As an outsider's view on the War on Terror and the 9/11 attacks, the Reluctant Fundamentalist offers a revelatory take on a series of events the west is only starting to question. It follows the story of Pakistani immigrant - Changez - working in a high powered corporate job in New York, after graduating from Princeton. At first, with his $80,000 salary, expense account and sharp suits, he thinks he is living the American dream, but then the attacks on the World Trade Centre take place and he is forced to question his reason for being.
As with On Chesil Beach, another of the 2007 Mann Booker Prize nominees, at less than 200 pages this is less a novel than a novella. But don't let you think this is a book you can race through. Moshin Hamid's prose is restrained and thoughtful; intricately layered and insightful - in short, to be savoured.
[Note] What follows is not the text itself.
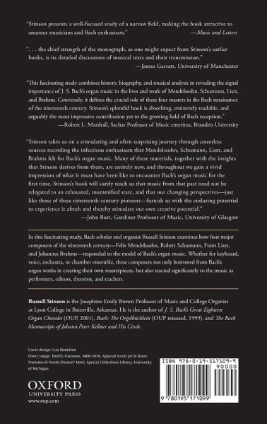In this penetrating study, Russell Stinson explores how four of the greatest composers of the nineteenth century-Felix Mendelssohn, Robert Schumann, Franz Liszt, and Johannes Brahms-responded to the model of Bach's organ music. The author shows that this quadrumvirate not only borrowed from Bach's organ works in creating their own masterpieces, whether for keyboard, voice, orchestra, or chamber ensemble, but that they also reacted significantly to the music as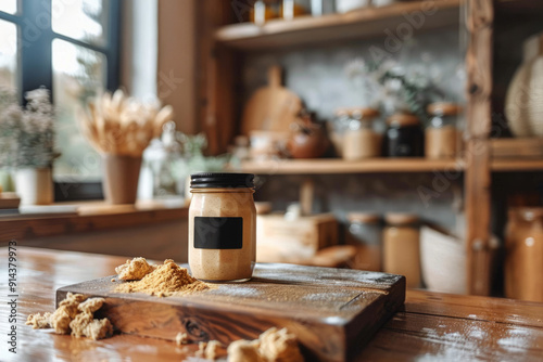 Minimalist mockup of a jar of yeast isolated on a clean, light background. Dry yeast, jar with yeast, active sourdough, yeast block, bread sourdough, homemade sourdough, rye sourdough

Some things didn't work for me: the form of narration - Changez telling his story to a western stranger outside a Lahore restaurant was somewhat clumsy. Each chapter is prefaced with a slightly camp `Oh, but sir, our tea is about to arrive' etc. A straightforward memoir would have worked better and would have avoided the messy ending. Also the title of the book suggests that this is in some way about hard core Islamism or terrorism: it's not, but I feel that it will invariably discourage some readers.
Nevertheless, these are minor quibbles and the Reluctant Fundamentalist is a triumph, a wonderful exposition of a man forced to question his personal, national and religious identity in troubled times.